- _WORK ITEM_
What you return should be the complete listing, unchanged, with no pictures in it.

- _THE DATA_

****

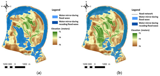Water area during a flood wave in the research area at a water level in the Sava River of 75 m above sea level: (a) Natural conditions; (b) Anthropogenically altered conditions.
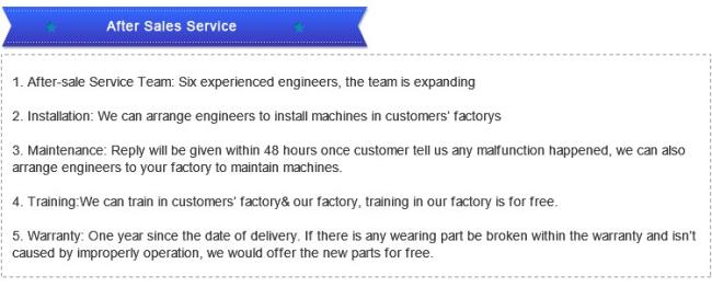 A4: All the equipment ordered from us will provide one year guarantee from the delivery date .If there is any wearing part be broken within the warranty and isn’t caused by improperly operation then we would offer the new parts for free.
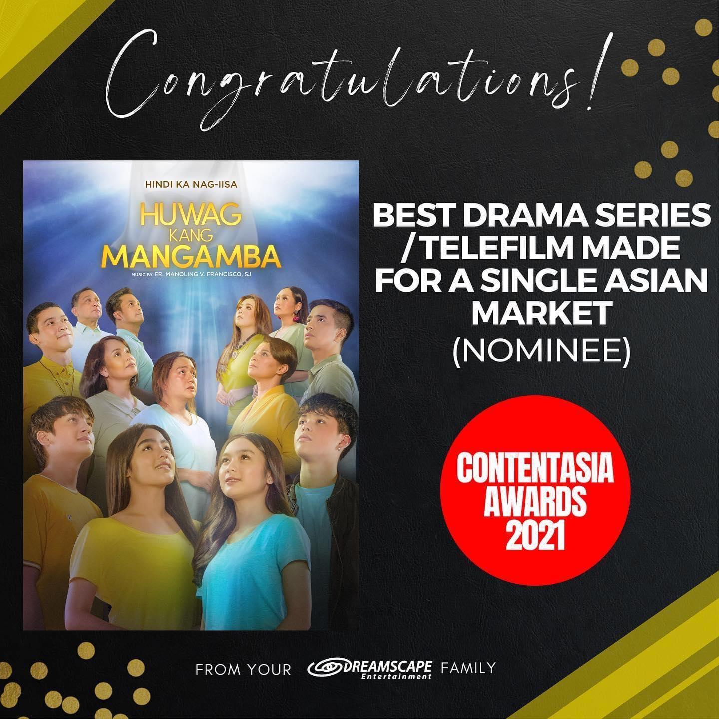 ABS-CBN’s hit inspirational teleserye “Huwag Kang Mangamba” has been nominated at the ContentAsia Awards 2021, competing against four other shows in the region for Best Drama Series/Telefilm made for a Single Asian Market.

****

- _RESPONSE TO THE TASK_
Water area during a flood wave in the research area at a water level in the Sava River of 75 m above sea level: (a) Natural conditions; (b) Anthropogenically altered conditions.
 A4: All the equipment ordered from us will provide one year guarantee from the delivery date .If there is any wearing part be broken within the warranty and isn’t caused by improperly operation then we would offer the new parts for free.
 ABS-CBN’s hit inspirational teleserye “Huwag Kang Mangamba” has been nominated at the ContentAsia Awards 2021, competing against four other shows in the region for Best Drama Series/Telefilm made for a Single Asian Market.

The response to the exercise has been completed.